Produce a word-for-word copy of the data that follows, excluding images.

Source material:

--------------------

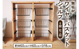 ■【ふるさと納税】無垢材 ワイヤーバスケット シェルフ 6段 かご付 ブラウン|新星金属製作所 大阪府 守口市 玄関 リビング 子供部屋 ホル
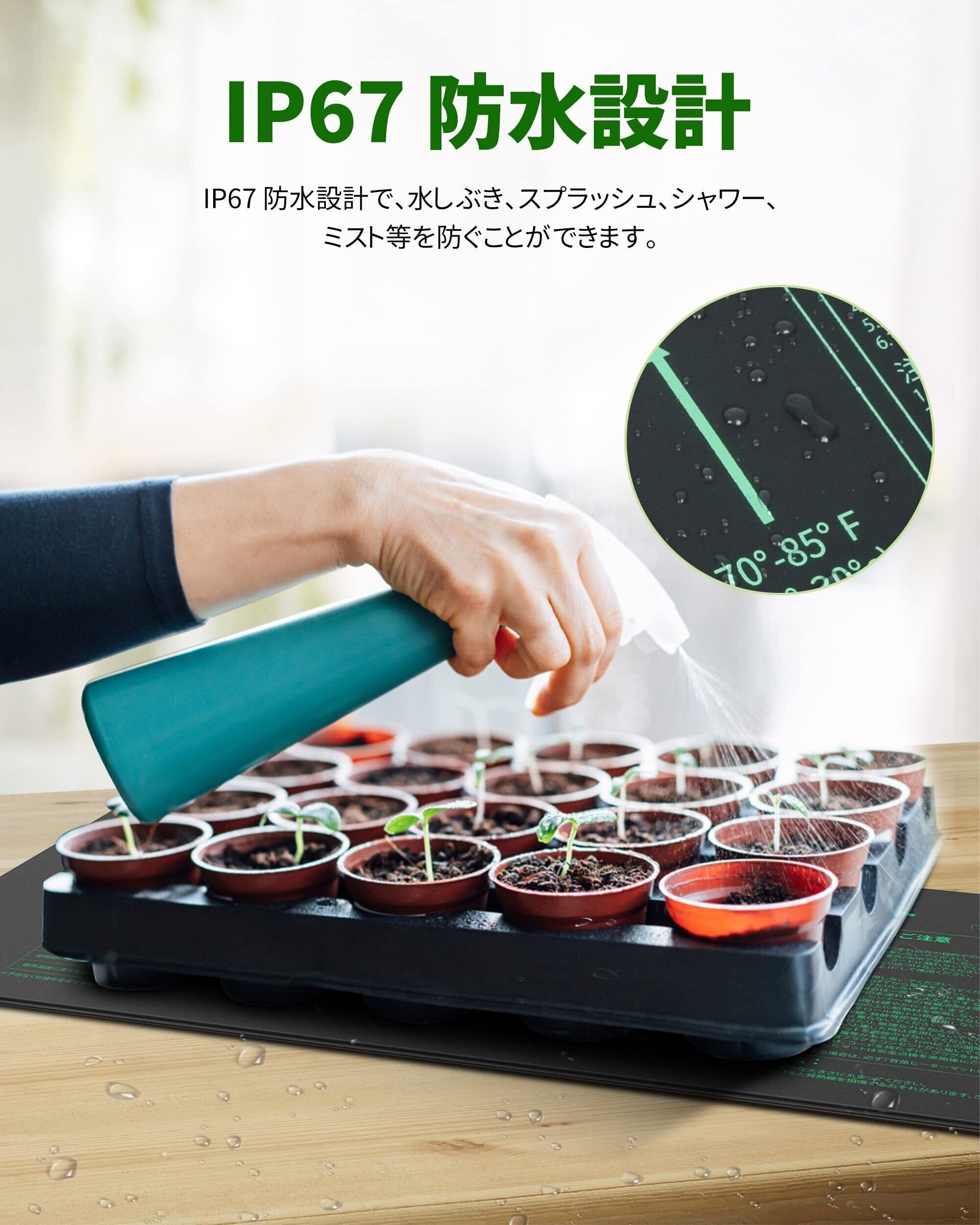 【優れ耐久性&使いやすい】熱伝導フィルムを包む柔軟なPVCの多重層でできており、外側の層は内部の発熱体を保護するために密閉されていますので、耐摩耗性と耐久性に優れています。 IP67 防水設計で、表面は掃除が簡単で安全にこすり洗いできます。苗付け用ヒートマットを平らに置き、プラグをソケットに差し込み、苗スタートトレイをヒートマットに置いて電源を入れるだけで加熱が始まります。種まきには欠かせません。
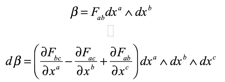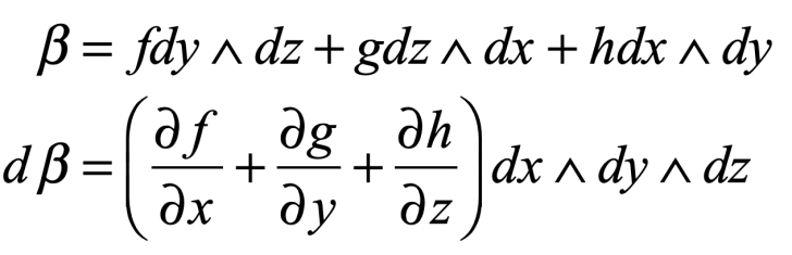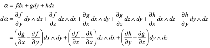 where the exterior derivative turns a differential r-form into a differential (r+1)-form. For instance, in 3D

--------------------

Exercise response:
 ■【ふるさと納税】無垢材 ワイヤーバスケット シェルフ 6段 かご付 ブラウン|新星金属製作所 大阪府 守口市 玄関 リビング 子供部屋 ホル
 【優れ耐久性&使いやすい】熱伝導フィルムを包む柔軟なPVCの多重層でできており、外側の層は内部の発熱体を保護するために密閉されていますので、耐摩耗性と耐久性に優れています。 IP67 防水設計で、表面は掃除が簡単で安全にこすり洗いできます。苗付け用ヒートマットを平らに置き、プラグをソケットに差し込み、苗スタートトレイをヒートマットに置いて電源を入れるだけで加熱が始まります。種まきには欠かせません。
 where the exterior derivative turns a differential r-form into a differential (r+1)-form. For instance, in 3D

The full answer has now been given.